Williams continued to face adversity during the tournament. In her loss at the US Open Finals on Saturday, Sept. 8, Williams found herself in an argument with the chair umpire, calling him a “thief’ after he gave the game to Naomi Osaka, Williams’ opponent. “I’ve seen other men call other umpires several things, and I’m here fighting for women’s rights and for women’s equality…And for me to say ‘thief,’ and for him to take a game, it made me feel like it was a sexist remark.” Williams said in her post-game interview. Williams continues to take a stand for this women’s rights issue, even though she was fined $17,000 for her actions.

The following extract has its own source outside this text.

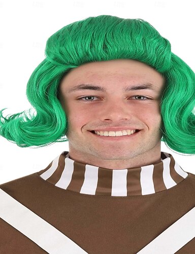 Perucas sintéticas Ondulado Trama Curly Corte Assimétrico Franja Lisa Fabrico à Máquina Peruca 12 polegadas A1 Cabelo Sintético Homens Clássico Confortável Cores Gradiente Verde Multi Cores
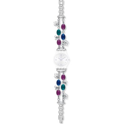 This Swatch watch strap is made of stainless steel and is attached to the watch by means of steel pins. The band has a width of 12 mm and is closed by means of a jewelry clasp. The strap has no straight mount which means that this strap is only suitable for the watches listed below.

Several female athletes at Masters have also experienced sexism. Junior Gabi Seguinot, a striker on the Girls Varsity Soccer team, explained how their soccer team seems to get less positive recognition than the boys teams when they win, and more negative recognition when they lose. Masters athletic Director Kevin Versen also gave a little insight on how female high school athletes get away with much less than males in many different sports. “I don’t think that high school officials call the games the same,” said Versen. As these show, this problem stretches way beyond the professional level.

Hopefully, Williams continues her effort towards gender equality in sports. It’s extremely important to recognize female athletes as athletes. They deserve the same respect as their male counterparts, and it’s not that hard to give that to them.